Even though there are legal or constitutional grounds for monitoring or requiring politicians to meet electoral promises, Liberians are yet to grasp this concept for full utilization due to inadequate awareness and empowering structures. For this reason, elections are the only concrete avenues that citizens must use to reward or punish candidates based on their integrity and performance.
Despite Liberia’s old age, it is still in the emerging stage of democracy because of missed out opportunities and refusal to fully agree to good governance policies that will respond to the livelihood needs of majority of the population.
This refusal has made Liberia to remained in a transitional stage from July 26, 1847 to present in terms of free, fair, peaceful elections, and good governance practices after elections.

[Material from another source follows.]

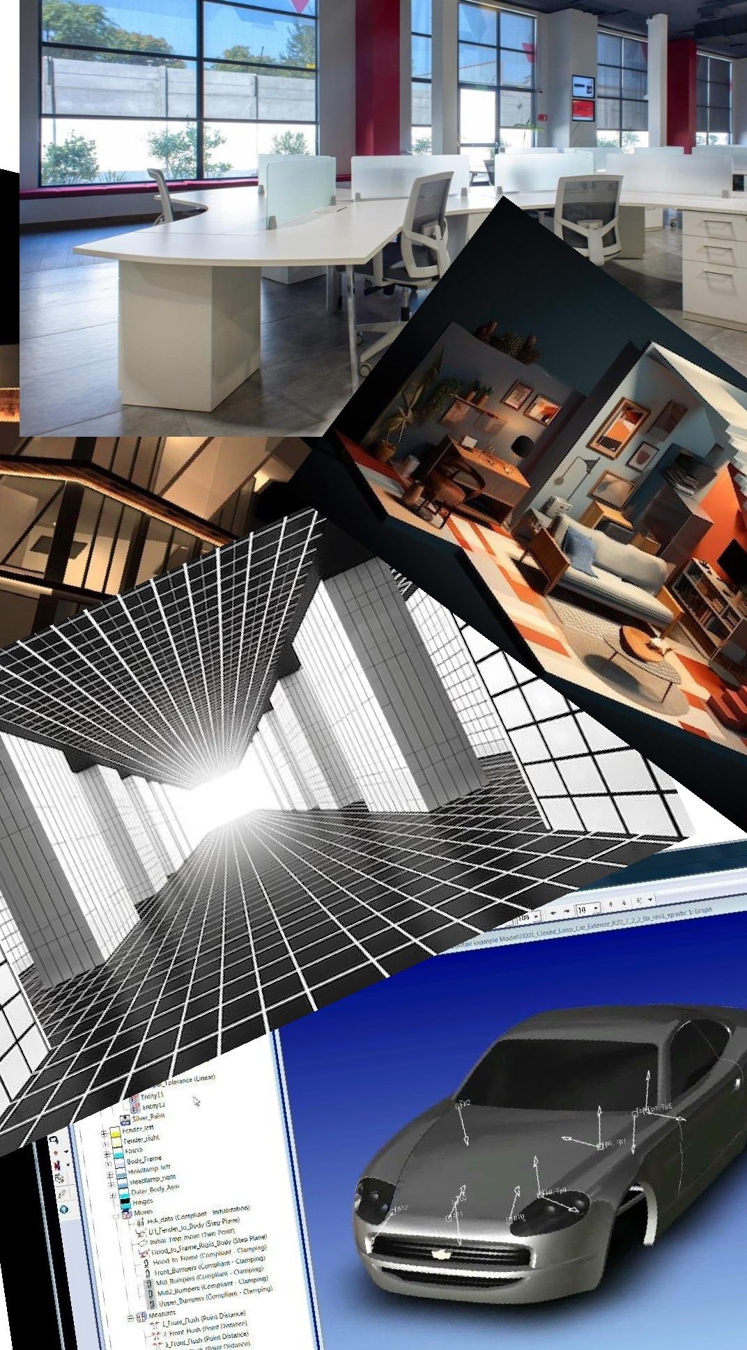 Simulaciones de materiales, iluminación y comportamiento espacial.

These are still far from the norm because of the history of questionable electoral transparency, accountability, rule of law and good governance. Instead, most of the Liberian population continue to experience and tolerate semi-godly leaderships and patronage governance system in 173 years since independence.
Rather than summoning a new dawn to right the wrong, the Liberian society has allowed the culture of use of money and violence to influence or intimidate voters. There is high level of corruption in Liberian politics, which are problematic given the fact, Liberia is the oldest in Africa whose existence derived from the experience of the United States. With this historical background, it is difficult to the rationale the reason for refusal to adopt policies in practical terms to manifest the true purpose for which the country was establish.
While participatory governance promotes many forms of citizen participation for equal fighting chance opportunities and competing ideas beyond elections, this practice elusive in Liberia. So, the question is when will Liberia go on from transition?